If we are saving every event in an event store, are there any consideration to be taken into account when designing each event's payload and the events aggregation to get the aggregate state?
You should design the events based on your Domain; the payload should not contain more information than it is needed by the domain. If additional information would make your readmodels a lot easier to implement then you could add it to the payload but be careful to mark it somehow as redundant.
An example: let's say that we have a "User Created" and a "User Deleted" messages (or any other couple of events which NEED to be processed in order). If we process "User deleted" before "User created" the user won't be deleted. Even if they're coming ordered in the event queue. Can really an idempotent processing/idempotent events give to a deleted user?
In this particular case, you can have an additional collection of deleted users; you can keep only their ID. When a CreateUser event arrives you can check to see if the user is already deleted by looking in the DeletedUsers collection and ignore it if the user is there. You can ignore every other event that comes for that user.
This solution is very dependent on the domain.
Another example. Let's suppose that we have an entity that have a score attribute. An user can modify the score. A second service consumes events of the "score entity" service and if the score reaches 100 the entity (or an entity reference) is inserted by the second service in the "Best category" entity. If the score reaches -20 the second service insert the score entity in the "Worse category". Having multiple instace of the second service can give an impredictable result if the "score 100" and "score -20" events are within a tiny interval of time. Any ideas on how to design the "score x" events or how to process these events?
This situation can be resolved by keeping in-the/attached-to readmodels (the two collections, best and worse) the timestamp/order/stream-version/whatever of the last processed event and ignore every event that is less-or-equal to that timestamp. In this way, if "score 100" is emitted after "score -20" but arrives first you should ignore the "score -20" because it has a lower timestamp, although it comes last.
This solution is generic but it relies on the existence of some ordering.

Related

Fire Message Event Only when These other Messages have been sent

I'm working on architecting a micro-service solution where most code will be C# and most likely Angular for any front end.
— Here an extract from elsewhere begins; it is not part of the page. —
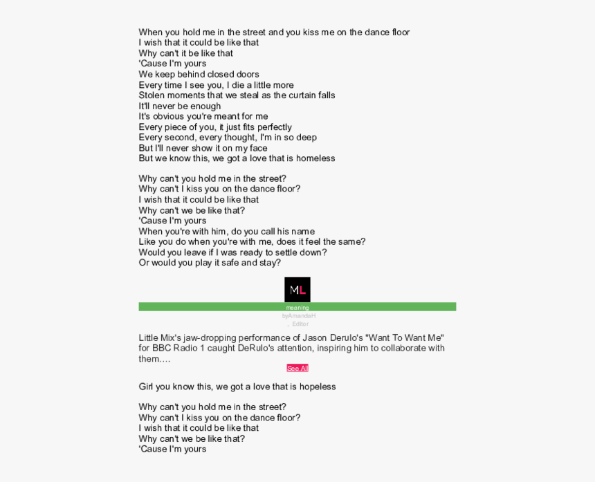 SECRET LOVE SONG” LYRICS by LITTLE MIX FEAT. JASON DERULO: When …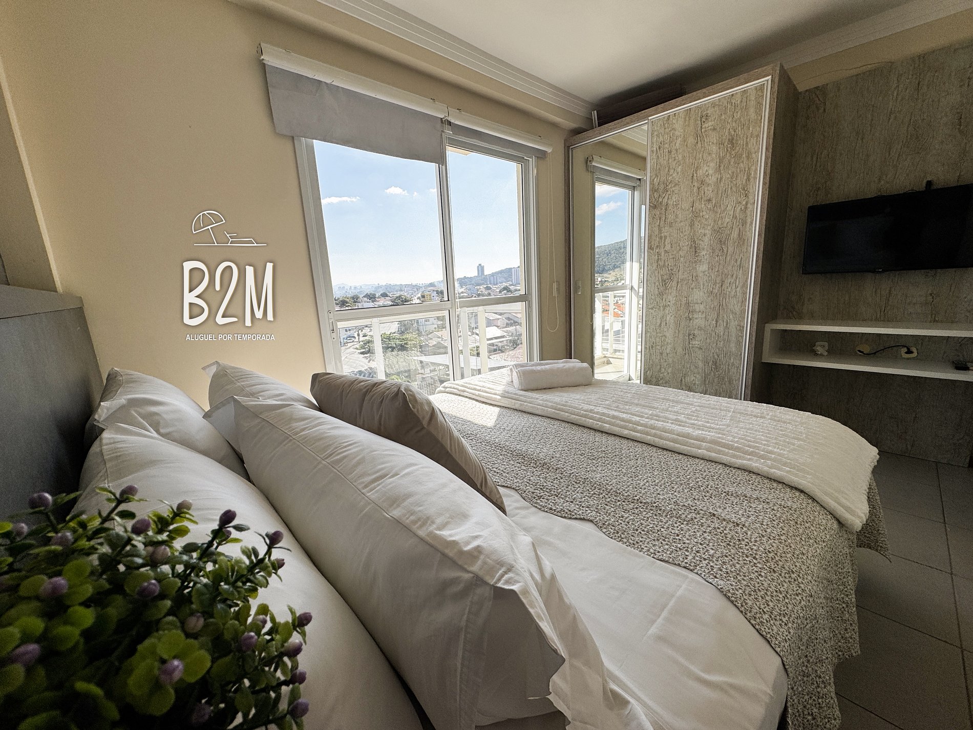 janela com vista mar, 1 cama de casal, ar condicionado, armário

My question is about message chaining. I am still figuring out what message broker to use; Azure Service Bus , RabbitMQ, etc.. There is a concept which I haven't found much about.
How do I handle cases when I want to fire a message when a specific set of messages have fired. An example but not part of my actual solution: I want to say Notify someone when pays a bill. We send a message "PAIDBILL"
which will fire off microservices which will be processed independently:
FinanceService to Debit the ledger and fire "PaymentPosted"
EmailService: email Customer Saying thank you for paying the bill
"CustomerPaymentEmailSent"
DiscountService: Check if they get a discount for paying on time then send
"CustomerCanGetPaymentDiscount"
If all three messages have fired for the Same PAIDBILL: Message "PaymentPosted", "CustomerPaymentEmailSent", "CustomerCanGetPaymentDiscount"
then I want to email the customer that they will get a discount on their next bill. It Must be done AFTER all three have tiggered and the order doesn't matter. How do I Schedule a new message to be sent "EmailNextTimeDiscount" message, without having to poll for what messages have fired every minute, hour, day?
All I can think of is to have a SQL table which marks that each one is complete (by locking the table) and when the last one is filled then send off the message. Would this be a good solution? I find it an anti-pattern for the micro-service & message queue design.
If you're using messages (e.g. Service Bus / RabbitMQ), then I think the solution you have described is the best one. This type of design - where services have knowledge about the other domains in the system - is typically known as choreography.
You'll want to pick a service which will be responsible for this business logic. That service will need to receive all the preceding types of messages so that it can determine when (if) all have been met, which it probably wants to do by recording which of the gates have already passed in a database.
One alternative you could consider is chaining the business processes instead of doing them in parallel. So...
PAYBILL causes FinanceService to Debit the ledger and fire "PaymentPosted"
"PayentPosted" causes EmailService to email Customer Saying thank you for paying the bill and broadcasts "CustomerPaymentEmailSent"
"CustomerPaymentEmailSent" causes DicsountService to check if they get a discount for paying on Time then sends "CustomerCanGetPaymentDiscount"
The email you want to send is just triggered by "CustomerCanGetPaymentDiscount".
If I'm honest, I would switch around the dependency model you're using at this last stage. So, instead of some component listening for "CustomerCanGetPaymentDiscount" events from DiscountService and sending an email, I think I would instead have the DiscountService tell some other component to send an email. It seems natural to me for something that calculates discounts to know that an email should be sent. It seems less natural for something that sends emails to know about discounts (and everything else that needs emails sent). This is why I don't like architectures where the assumption is that every message should be an event and every action should be triggered by an event: it removes a lot of decisions about where domain logic can live, because the message receiver always has to know about the domain of the message sender, never vice versa.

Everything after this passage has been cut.